Segment Start: INFORMATION GIVEN

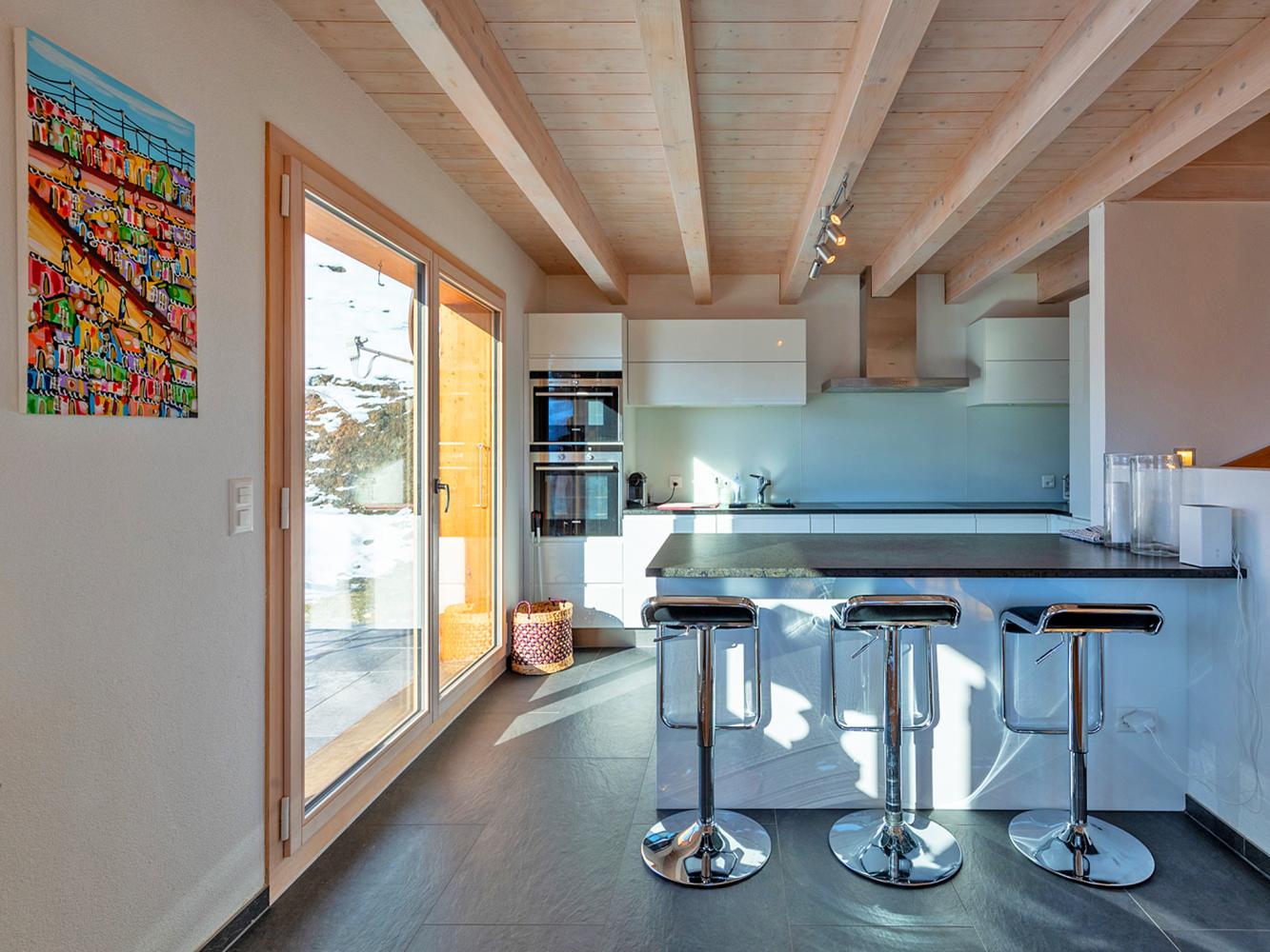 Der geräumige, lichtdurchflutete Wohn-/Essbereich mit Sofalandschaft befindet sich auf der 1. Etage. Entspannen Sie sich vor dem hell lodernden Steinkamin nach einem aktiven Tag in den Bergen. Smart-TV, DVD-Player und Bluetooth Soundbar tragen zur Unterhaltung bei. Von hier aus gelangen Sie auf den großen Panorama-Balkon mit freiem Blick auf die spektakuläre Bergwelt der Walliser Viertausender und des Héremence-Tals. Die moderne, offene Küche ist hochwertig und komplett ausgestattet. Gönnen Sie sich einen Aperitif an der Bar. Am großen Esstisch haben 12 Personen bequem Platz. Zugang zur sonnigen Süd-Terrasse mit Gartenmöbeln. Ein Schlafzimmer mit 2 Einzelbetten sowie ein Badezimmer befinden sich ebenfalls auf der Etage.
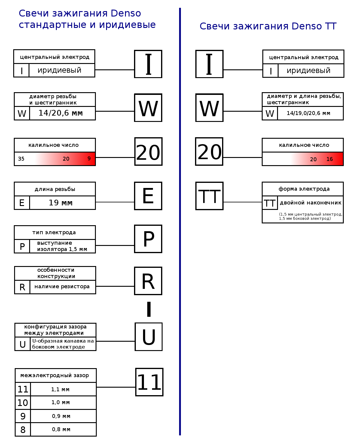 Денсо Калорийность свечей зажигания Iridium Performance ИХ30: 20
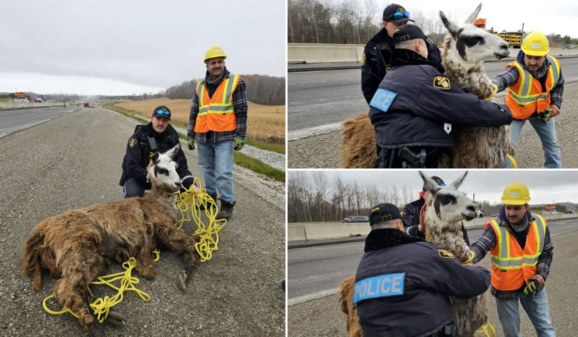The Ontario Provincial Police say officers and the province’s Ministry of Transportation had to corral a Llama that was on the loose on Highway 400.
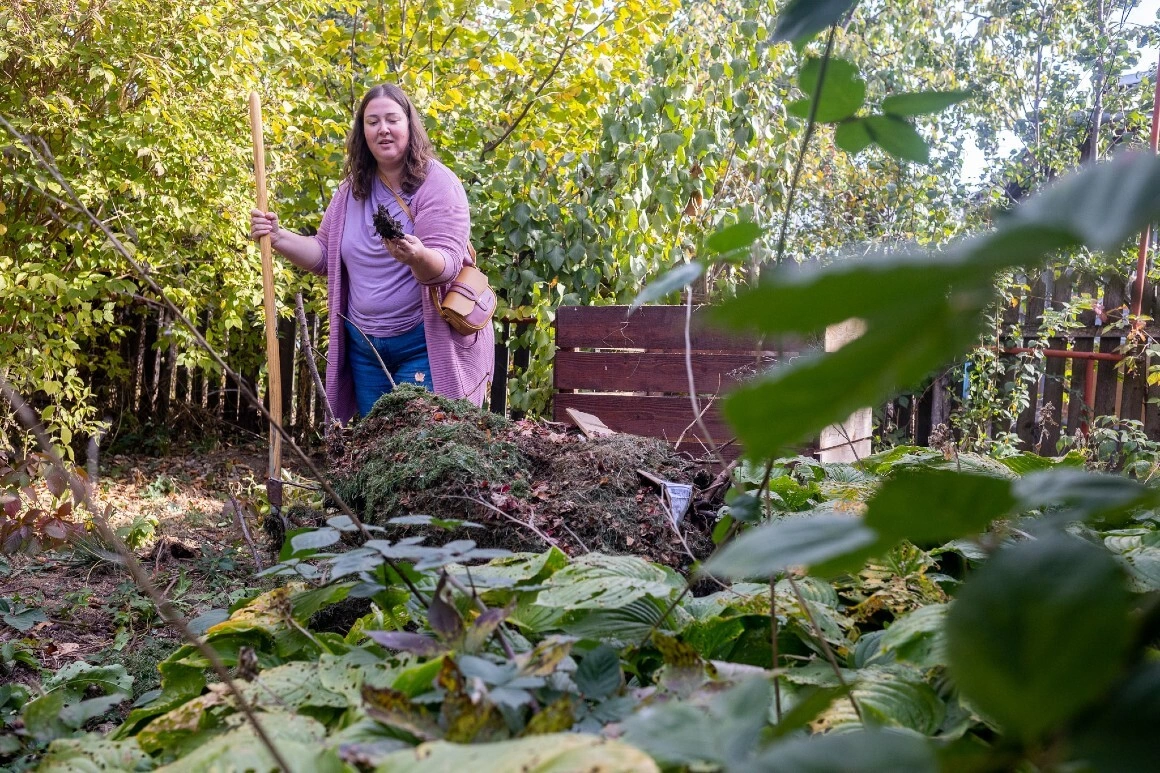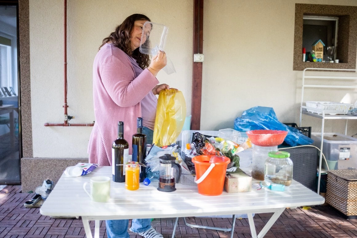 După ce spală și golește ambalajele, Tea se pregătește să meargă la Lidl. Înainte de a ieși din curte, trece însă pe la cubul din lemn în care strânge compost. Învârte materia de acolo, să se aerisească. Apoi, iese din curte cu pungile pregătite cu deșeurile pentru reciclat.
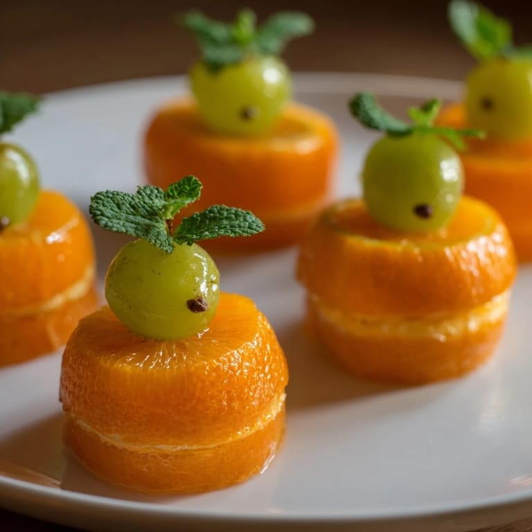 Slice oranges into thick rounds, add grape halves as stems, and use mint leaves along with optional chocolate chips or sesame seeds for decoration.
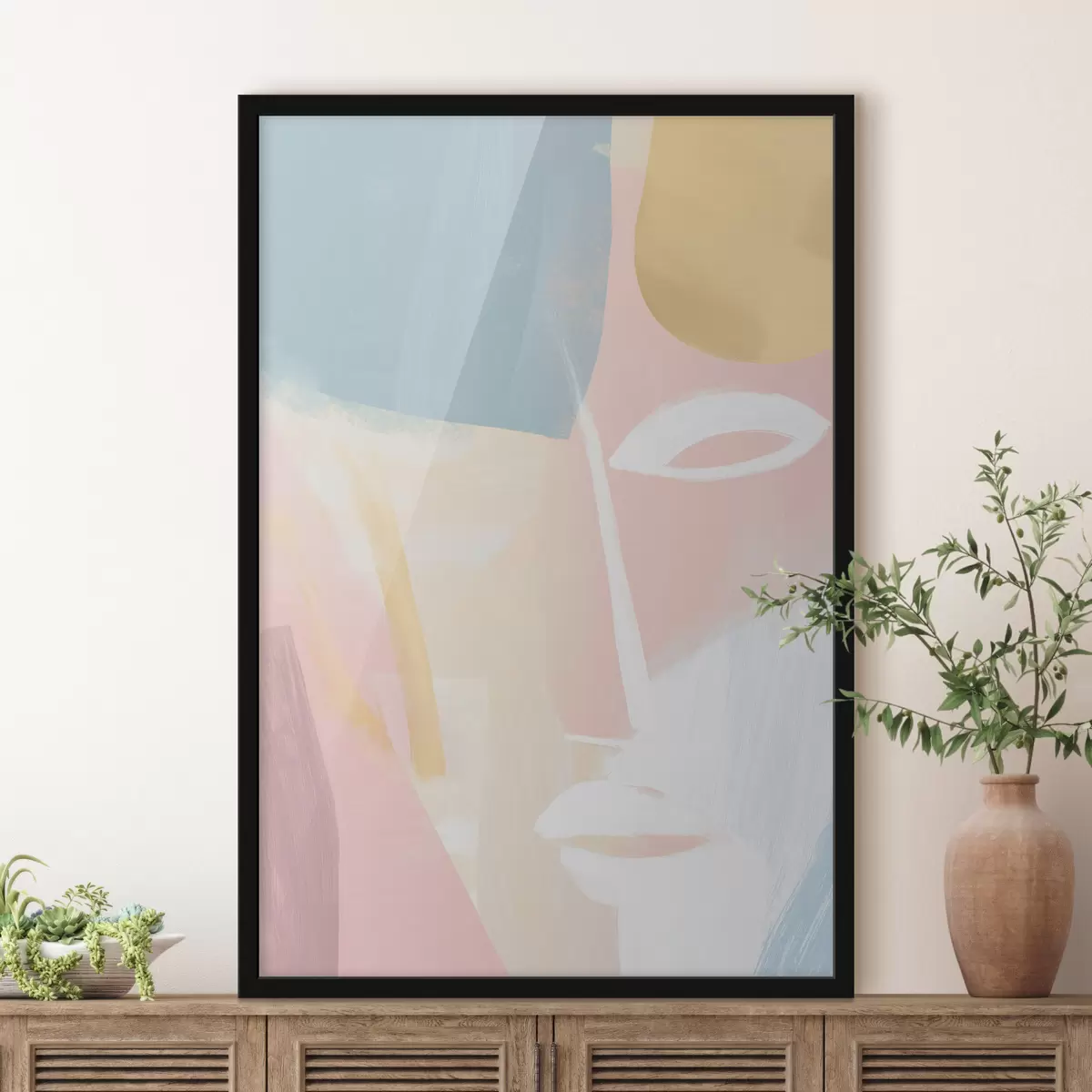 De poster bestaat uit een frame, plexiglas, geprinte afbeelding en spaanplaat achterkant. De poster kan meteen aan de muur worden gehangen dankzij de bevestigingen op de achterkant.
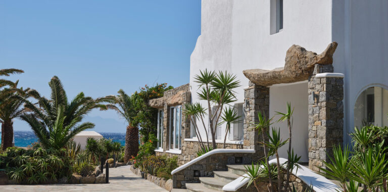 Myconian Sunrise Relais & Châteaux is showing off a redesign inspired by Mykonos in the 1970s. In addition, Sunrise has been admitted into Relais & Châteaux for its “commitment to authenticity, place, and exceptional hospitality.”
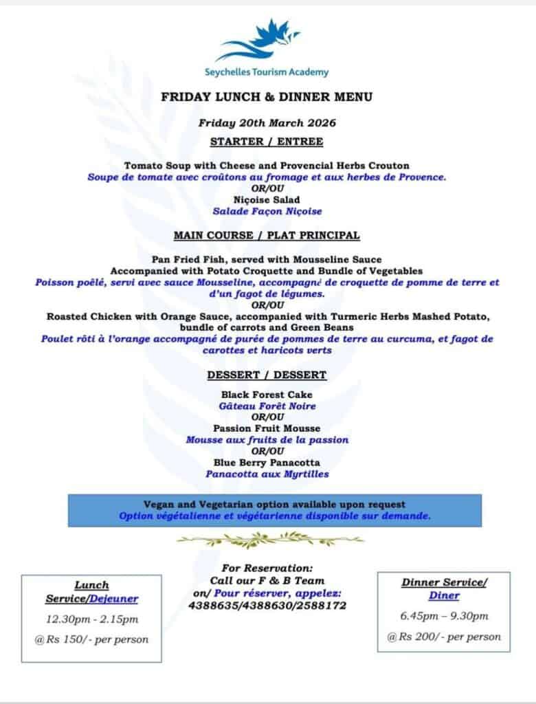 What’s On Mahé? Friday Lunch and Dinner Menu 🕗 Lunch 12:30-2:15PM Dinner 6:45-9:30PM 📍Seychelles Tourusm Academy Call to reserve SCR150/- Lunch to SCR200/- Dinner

Segment End: INFORMATION GIVEN

## WORK TO BE COMPLETED:
What is needed is an exact restatement of the lines from the line with "De poster bestaat" through the final line of the data, pictures excluded.

## OUTPUT:
 De poster bestaat uit een frame, plexiglas, geprinte afbeelding en spaanplaat achterkant. De poster kan meteen aan de muur worden gehangen dankzij de bevestigingen op de achterkant.
 Myconian Sunrise Relais & Châteaux is showing off a redesign inspired by Mykonos in the 1970s. In addition, Sunrise has been admitted into Relais & Châteaux for its “commitment to authenticity, place, and exceptional hospitality.”
 What’s On Mahé? Friday Lunch and Dinner Menu 🕗 Lunch 12:30-2:15PM Dinner 6:45-9:30PM 📍Seychelles Tourusm Academy Call to reserve SCR150/- Lunch to SCR200/- Dinner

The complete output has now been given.